Seitenanfang

Sprungmarken

Hauptinhalt

MELDUNG:

01. Februar 2016

3500 Euro für den guten Zweck

Zehn Jahre Centspende in der Kreisverwaltung
Centspende 2015
Wenn jeder ein wenig gibt, kommt am Ende viel dabei raus – nach diesem Prinzip funktioniert seit mittlerweile zehn Jahren die Centspende der Kreisverwaltung, an der sich zahlreiche Beschäftigte freiwillig beteiligen – ganz einfach durch den Verzicht auf die Centbeträge ihres Gehalts. Stolze 3500 Euro sind so im vergangenen Jahr zusammengekommen. Der Erlös geht an vier regionale Hilfsprojekte.

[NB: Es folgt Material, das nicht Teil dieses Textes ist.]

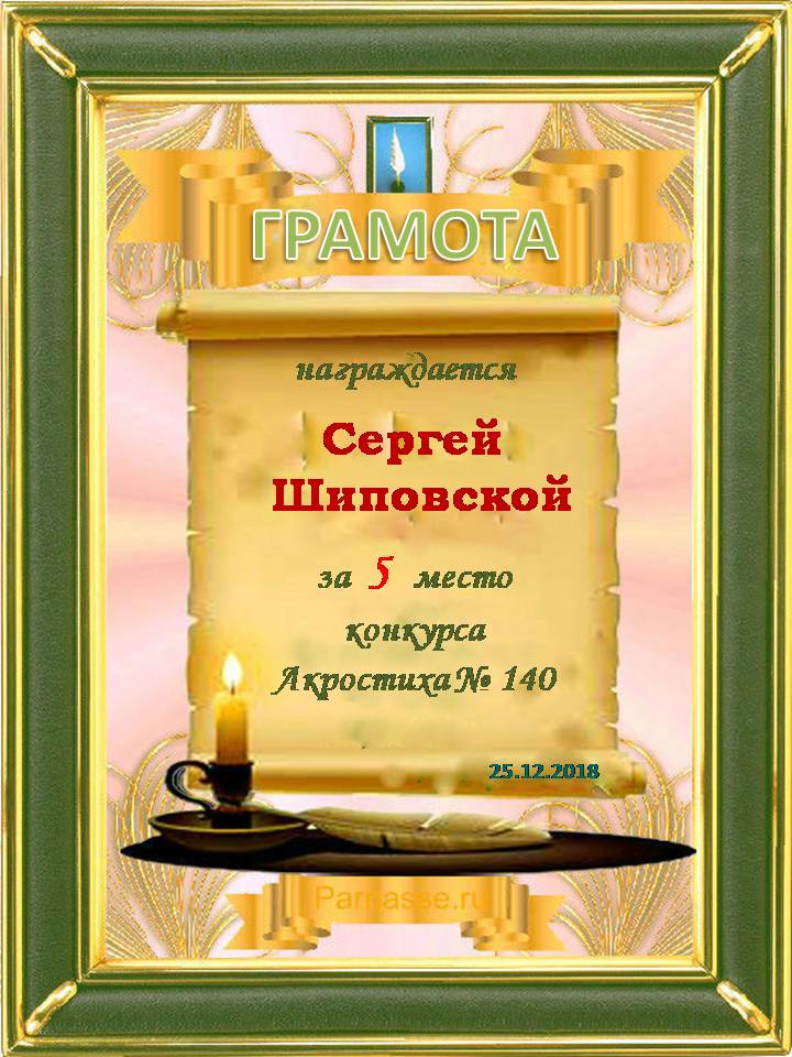Грамота за 5 место в 140 конкурсе АКРОСТИХА (Альтернатива)! ПОЗДРАВЛЯЮ!

Die Idee der Centspende kam dem Personalrat vor zehn Jahren und hat sich etabliert: Freiwillig verzichten die Beschäftigten der Kreisverwaltung Recklinghausen auf bis zu 99 Cent Gehalt im Monat, um die Summe am Ende für einen guten Zweck zu spenden. Für jeden nur ein kleiner Betrag, doch im Jahr 2015 sind auf diese Weise ganze 3500 Euro zusammengekommen. „Jeder Einzelne kann seinen Beitrag leisten und etwas Gutes tun“, sagt Landrat Cay Süberkrüb. „Ich freue mich, dass sich so viele Mitarbeiterinnen und Mitarbeiter der Kreisverwaltung beteiligen. Eine schöne Aktion.“

Im Rahmen der Personalversammlung im November stimmten die Beschäftigten darüber ab, wer das Geld erhalten soll. Auch die Vorschläge kamen aus der Kollegenschaft selbst. Vier Einrichtungen wurden ausgesucht und werden nun mit einem Anteil von jeweils 877,25 Euro unterstützt. Am Mittwoch wurden die Spenden im Kreishaus von der Personalratsvorsitzenden Martina Pestke und Landrat Cay Süberkrüb an die Einrichtungen übergeben.

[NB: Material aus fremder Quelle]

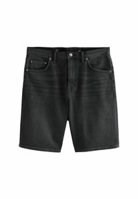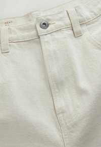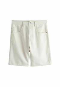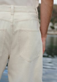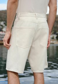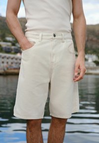 Homme portant un short crème et un haut sans manches crème, debout près de l'eau avec une ville floue et une colline en arrière-plan.

Ein Teil geht an den Hof Wessels in Herten. Er unterstützt sozial benachteiligte junge Menschen und ermöglicht ihnen einen Einblick in landwirtschaftliche Aufgabenfelder. Dazu bietet er Kindergarten- und Schulkindern die Möglichkeit, Kräutergarten, Landwirtschaft und Tierpflege in eigener Erfahrung und Verantwortung zu erleben. Vorgeschlagen wurde Hof Wessels von Dr. Richard Schröder.

Ebenfalls über 877,25 Euro freuen darf sich der Kinderschutzbund in Haltern am See. Er engagiert sich seit über 30 Jahren in der Kinder und Jugendhilfe und betreibt unter anderem einen Kleiderladen, in dem ehrenamtliche Helfer nicht nur für die Ausgabe von Kleidern sondern auch für Gespräche mit Eltern und Kindern zur Verfügung stehen. Vorgeschlagen wurde der Kinderschutzbund von Dagmar Jedfeld.

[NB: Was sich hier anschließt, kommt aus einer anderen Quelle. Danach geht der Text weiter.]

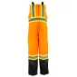 100% waterproof and windproof. 300 denier polyester laminated with polyurethane coating. Fabric insulated with 6 Oz. 100% polyester interlined with 100% polyester facing. Reflective stripes at the waist, at the back and at the legs with double sewing on the silver reflective stripe and on the yellow band. Two cargo pockets at the front, two back pockets, zipper with storm flap and rustproof snaps on each leg, and heavy duty suspenders with adjustable buckles. Reinforced at all points of strain. Complies with CSA.

Der dritte Anteil kommt dem SuS Concordia Haltern-Flaesheim zugute. Der Verein engagiert sich seit Jahren in der Unterstützung behinderter Kinder und veranstaltet jährlich ein Jugend- und Behindertensportfest als Benefizturnier für die Lebenshilfe Haltern e.V., welches im nächsten Jahr sein 40. Jubiläum feiert. Vorgeschlagen wurden der SuS Concordia Haltern-Flaesheim und sein Sportfest von Marcel Mainholz.

Den vierten Teil erhält die Flüchtlingshilfe der Evangelischen Kirche Gladbeck. Seit über zwanzig arbeiten dort Ehrenamtliche und unterstützen Flüchtlinge sowohl bei Behördengängen aber auch bei ganz lebenspraktischen Dingen, wie dem Transport und Aufbau gebrauchter Möbel, aber auch durch Deutschkurse. Die Flüchtlingshilfe der Evangelischen Kirche Gladbeck finanziert sich ausschließlich über Spenden und wurde von der Personalratsvorsitzenden Martina Pestke vorgeschlagen.

Die Centspenden-Aktion der Kreisverwaltung wurde im Jahr 2005 ins Leben gerufen. Auslöser war damals die Tsunami-Katastrophe in Asien: „Die Kollegenschaft wollte den Menschen im Katastrophengebiet unbedingt helfen und hat uns gebeten, eine Spendenaktion zu organisieren“, sagt Martina Pestke. „So ist die Idee der Centspende geboren.“ Seit 2006 unterstützt die Kreisverwaltung damit ausschließlich gemeinnützige Einrichtungen und Projekte in der Region.